I have been managing to soak my hay thro'out this awful weather.  I defost the tap in the morning and fill up 2 dustbins with a big haynet in each.  I then tip them over the drain at about 4pm and keep the dustbins on top and leave them for 45 mins, in the meantime I pour 2 or 3 kettles of boiling water over each net to stop them becoming too crunchy.  I have a few bales of horsehage and add in some of this but I can't afford to switch them over to this fully.  (Mine need soaked hay cos they cough on dry, so not sure how I'd manage if I had to soak for 12 hours to get rid of sugars).  In the mornings I put a couple of hay nets in big plastic bags and pour a kettle of boiling water in to steam the hay (but wouldn't feel happy giving them big quantities this way as one does tend to cough after his morning hay).


----------



## frankie8 (30 November 2010)

I have to soak my mares hay as she is on box rest at the mo and would be the size of a house if it wasn't soaked! I soak my hay loose in dustbins, weighed down with a full up jerry can and they haven't frozen as yet. All those on the yard who soak their hay in haynets have frozen, so I don't know if it is because my hay is loose?
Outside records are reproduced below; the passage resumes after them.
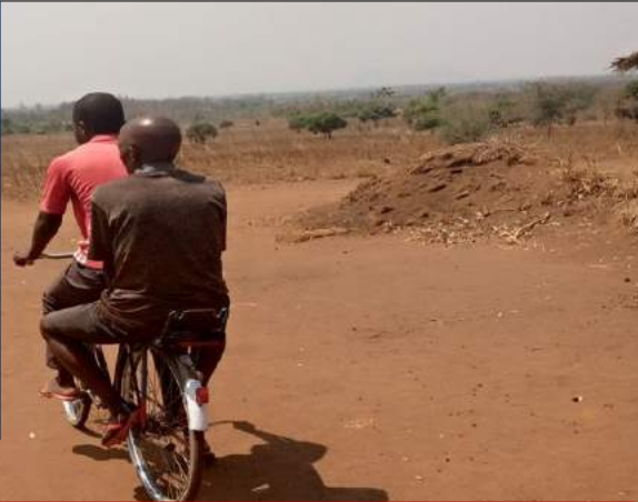
The HIV self-test distributor escorting the client to Ngwelero health facility for confirmatory test after testing positive through self-test

“It was disturbing, but the counseling helped ease my fears,” he says as he recounts the events of the day he tested positive for HIV.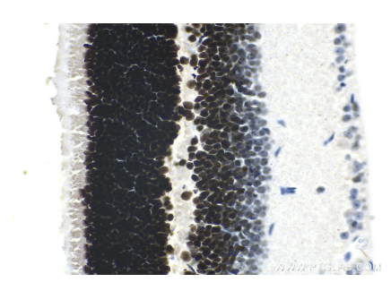
Immunohistochemical analysis of paraffinembedded mouse eye tissue slide using KHC1449 (CRX IHC Kit).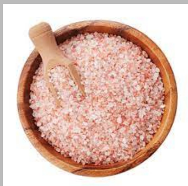
Himalayan Pink Salt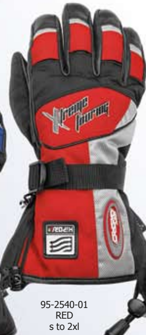
95-2540-01 RED s to 2xl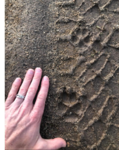
Tracks May 10, 2021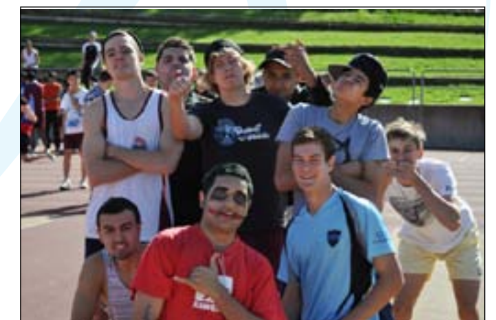
Drama at the Athletics carnival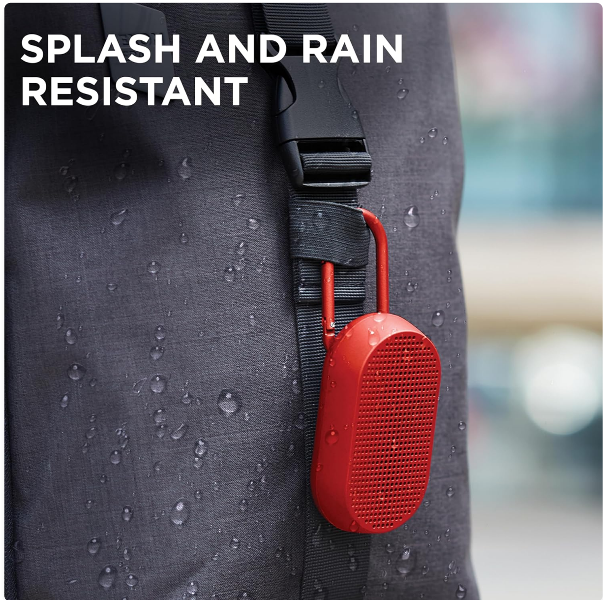
Image: A red MINO T speaker with water droplets, illustrating its splash-resistant design.

splashing water from any direction. It is suitable for outdoor use and can withstand light rain or splashes, but it should not be submerged in water.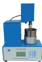
Digital Emulsification Tester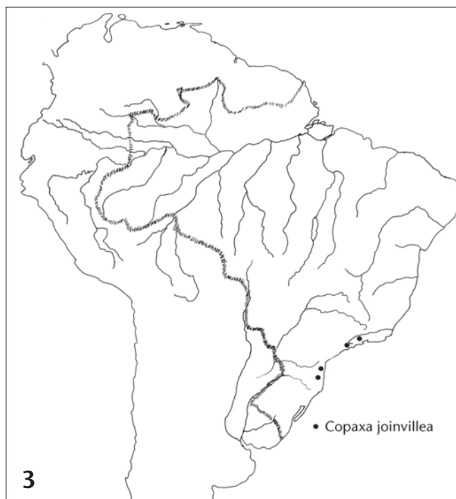
Fig. 3: Geographical distribution of Copaxa joinvillea in Brazil.

The ♀ of C. joinvillea is easily distinguished from C. flavobrunnea and C. canella by its yellow, instead of brown or fawn colored, ground color of the wings and body; by its fore- and hindwings with postmedial area darker than the antemedial, and by the dark and well-marked veins on forewing.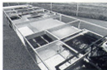
Chassis construction incorporates a heavy gauge galvanized sub floor installed directly on the frame. Wood is never used!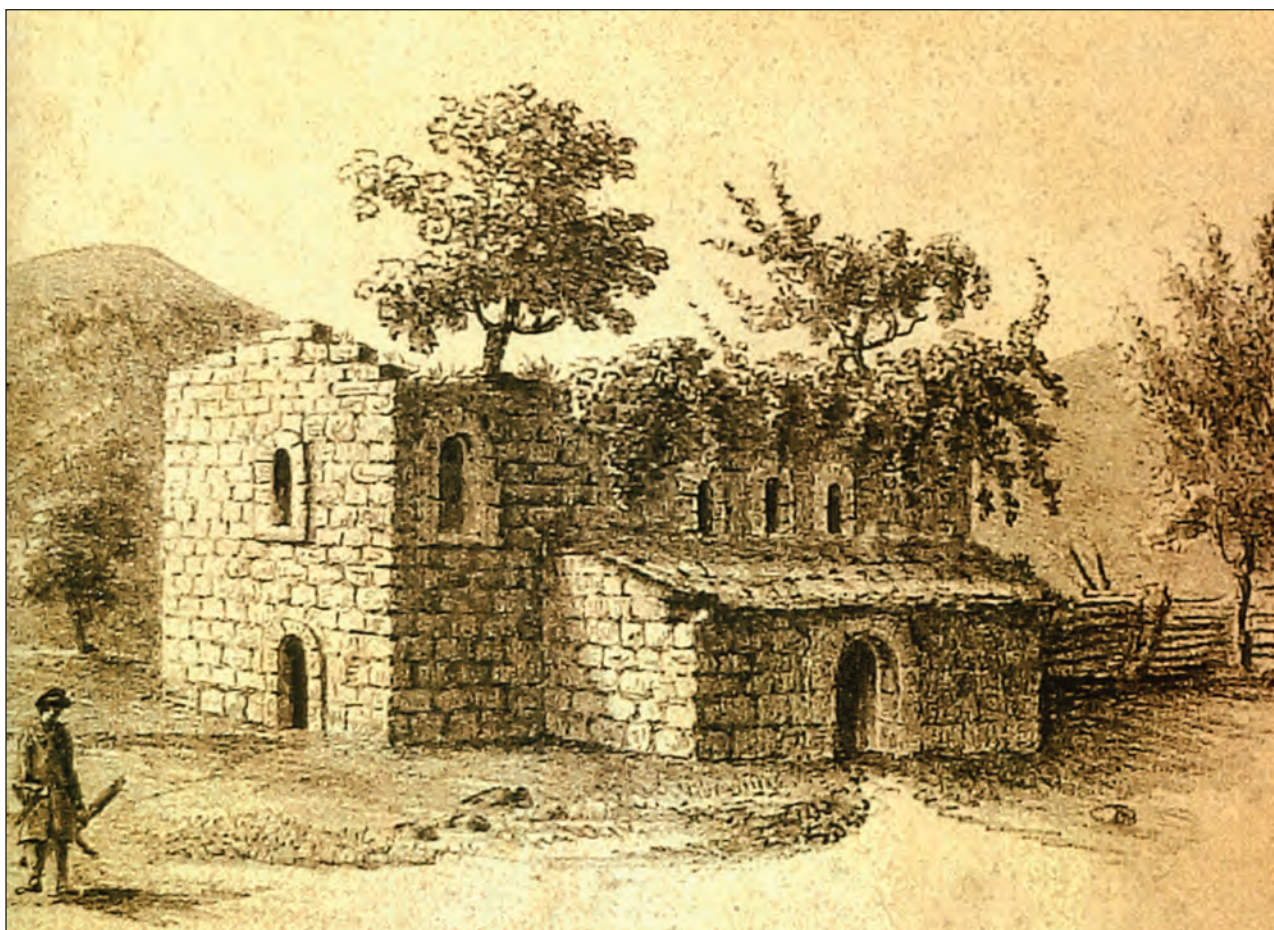
Figure 8: The Temple of Saint Hypatius of Gagra (the early 6th century) An engraving after a drawing by Frédéric Dubois de Montperreux, 1833

It is worth noting that in 1836 there were a great many non-Moslems among the mountaineers in the area. The destruction of Christian monuments must have caused controversy among the Christian-Pagan clergy and their congregation. A role here was played by the Islamic version of a military-political reason for the destruction of Orthodox churches and monasteries. To be able to effectively sort this issue out, we need to examine the geographic location of those structures – say, the one in Loo. As we have mentioned above, the temple is 200 meters above sea level and 2 km from the seashore. Sending landing forces down there meant a virtual death sentence for them, for they would be easily encircled by the enemy. This means it was totally impossible to use the temple as a military site or a strongpoint during the

Worth a try!


----------



## sueeltringham (30 November 2010)

I was really worried about how I was going to manage soaking hay in winter weather.  Well, the winter has most definitely arrived in the North East.  I bought a water butt from B&Q.  It holds two decent sized hay nets and I run the hose pipe in through the top, leave to soak a while, then open tap at the bottom and let water drain.  Hay has not been frozen so far as it's inside the lidded water butt.  I'm really pleased with the set-up and it's much easier than soaking in a tub trug/bin which is what I was doing previously.
Hope that helps.

Sue


----------



## suejs001 (1 December 2010)

Thank you for the suggestions  
I don't have a garage so I have no where to do it at home i live in a mid terrace with no access from the back etc as it backs onto another house... AAnd, I have just moved yards been there 3 weeks - no actual drains to tip out the hay water but there is a hedge!  but I don't know how I would let it drain in this freezing weather   I am getting water from home as the water is still frozen... I guess that is the advantage of a livery yard v small private yard.  I am finding it really difficult.  I rang the vets about the frozen hay and it was them that told me about frozen hay giving colic  I do like the water butt idea and will have to speak with the yard owner - there is no hosepipe!!! 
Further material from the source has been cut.